MUC5B rs35705950, but not FCGR2A rs1801274, increases susceptibility to clinical pneumonia, especially to idiopathic pulmonary fibrosis, in both the Caucasian and Asian populations.
Pneumonia is a group of viral or bacterial infection-induced lung disorders that can cause the symptoms of fever, cough, shortness of breath and fatigue [1,2,3]. There are various types of pneumonia, such as idiopathic pulmonary fibrosis (IPF), nonspecific interstitial pneumonia (NSIP), idiopathic interstitial pneumonia (IIP) [4,5,6]. Although the pathogenesis of pneumonia remains elusive, environmental exposure factors (e.g., tobacco smoking, virus or bacterial infection) and genetic variants may contribute to the susceptibility to pneumonia [2, 7, 8]. Here, we investigated pneumonia-associated gene variations. After database retrieval and publication selection, we excluded reports of potential pneumonia-associated gene variation without enough or updated data, and finally focused on two variants, namely, FCGR2A rs1801274 and MUC5B rs35705950.

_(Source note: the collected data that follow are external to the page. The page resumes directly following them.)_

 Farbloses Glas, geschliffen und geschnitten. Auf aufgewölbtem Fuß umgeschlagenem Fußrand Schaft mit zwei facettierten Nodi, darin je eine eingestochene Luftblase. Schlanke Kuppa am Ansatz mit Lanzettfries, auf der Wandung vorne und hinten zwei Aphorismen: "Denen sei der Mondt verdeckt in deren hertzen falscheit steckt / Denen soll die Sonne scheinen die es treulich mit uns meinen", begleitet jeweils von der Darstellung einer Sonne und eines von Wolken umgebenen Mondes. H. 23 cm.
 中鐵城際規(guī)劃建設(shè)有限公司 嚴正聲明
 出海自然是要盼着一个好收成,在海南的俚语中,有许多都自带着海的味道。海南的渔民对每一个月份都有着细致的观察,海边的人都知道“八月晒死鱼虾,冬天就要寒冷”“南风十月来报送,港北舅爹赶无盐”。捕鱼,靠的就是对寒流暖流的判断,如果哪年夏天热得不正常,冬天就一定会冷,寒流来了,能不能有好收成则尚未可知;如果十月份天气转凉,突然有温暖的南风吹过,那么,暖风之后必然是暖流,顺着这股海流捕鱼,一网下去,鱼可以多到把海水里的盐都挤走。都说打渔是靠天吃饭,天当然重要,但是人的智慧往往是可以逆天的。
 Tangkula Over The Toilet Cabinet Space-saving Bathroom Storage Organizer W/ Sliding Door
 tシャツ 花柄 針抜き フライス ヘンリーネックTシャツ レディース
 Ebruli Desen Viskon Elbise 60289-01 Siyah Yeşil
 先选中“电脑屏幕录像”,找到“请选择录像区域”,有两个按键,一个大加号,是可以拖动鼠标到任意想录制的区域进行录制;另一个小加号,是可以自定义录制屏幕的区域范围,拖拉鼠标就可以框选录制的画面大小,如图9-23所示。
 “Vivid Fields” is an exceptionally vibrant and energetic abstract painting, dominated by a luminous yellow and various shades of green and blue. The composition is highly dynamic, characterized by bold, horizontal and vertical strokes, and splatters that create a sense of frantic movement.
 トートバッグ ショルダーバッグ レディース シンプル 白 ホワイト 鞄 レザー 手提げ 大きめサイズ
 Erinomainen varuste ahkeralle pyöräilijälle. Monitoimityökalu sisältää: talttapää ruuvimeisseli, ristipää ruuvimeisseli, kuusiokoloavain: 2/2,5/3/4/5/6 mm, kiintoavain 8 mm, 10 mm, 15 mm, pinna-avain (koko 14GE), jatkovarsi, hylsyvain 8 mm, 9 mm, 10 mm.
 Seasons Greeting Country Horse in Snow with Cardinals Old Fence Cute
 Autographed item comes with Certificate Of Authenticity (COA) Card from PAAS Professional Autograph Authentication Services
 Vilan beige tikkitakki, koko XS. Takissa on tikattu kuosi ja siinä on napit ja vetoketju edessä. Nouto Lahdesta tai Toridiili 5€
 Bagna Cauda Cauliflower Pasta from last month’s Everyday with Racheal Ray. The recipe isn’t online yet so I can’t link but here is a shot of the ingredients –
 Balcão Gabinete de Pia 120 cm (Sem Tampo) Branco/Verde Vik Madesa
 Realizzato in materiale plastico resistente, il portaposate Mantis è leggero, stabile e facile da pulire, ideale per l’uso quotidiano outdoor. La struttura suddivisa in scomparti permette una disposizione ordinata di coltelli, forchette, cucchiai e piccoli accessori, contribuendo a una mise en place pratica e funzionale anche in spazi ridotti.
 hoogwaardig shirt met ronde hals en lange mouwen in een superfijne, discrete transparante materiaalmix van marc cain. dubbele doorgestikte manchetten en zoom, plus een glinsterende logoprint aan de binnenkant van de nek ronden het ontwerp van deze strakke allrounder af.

The human FCGR2A gene in the 1q23 chromosome region encodes a member of the heterogeneous Fc fragment of the IgG receptor family of immune receptors and contains a functional rs1801274 variation in exon 4, which leads to the amino acid alteration from histidine (H) to arginine (R) at position 131 of the FCGR2A protein [9, 10]. No prior meta-analysis regarding the genetic role of FCGR2A rs1801274 in pneumonia susceptibility has been reported, and studies have reported different findings [11,12,13,14,15,16,17,18,19,20]. Therefore, this is the first pooling analysis that has been conducted to assess the potential association between FCGR2A rs1801274 and overall pneumonia risk and was carried out according to PRISMA (preferred reporting items for systematic reviews and meta-analyses) guidelines.
Human MUC5B, a gel-forming mucin gene in the 11p15.5 chromosome region , can be expressed by certain bronchial epithelial cells and contains several variations (such as rs35705950) in a three kilobase region upstream of the MUC5B transcription start site [22, 23]. We found one meta-analysis published in 2013  and two meta-analyses published in 2015 [25, 26] regarding the association between MUC5B rs35705950 and the risk of idiopathic pulmonary fibrosis. However, only ten studies were included, and the genetic association between MUC5B rs35705950 and the susceptibility to other pneumonia types has not yet been investigated. Therefore, we performed an updated meta-analysis to comprehensively assess the effect of MUC5B rs35705950 on the risk of overall pneumonia disease based on available case-control studies as of February 2020.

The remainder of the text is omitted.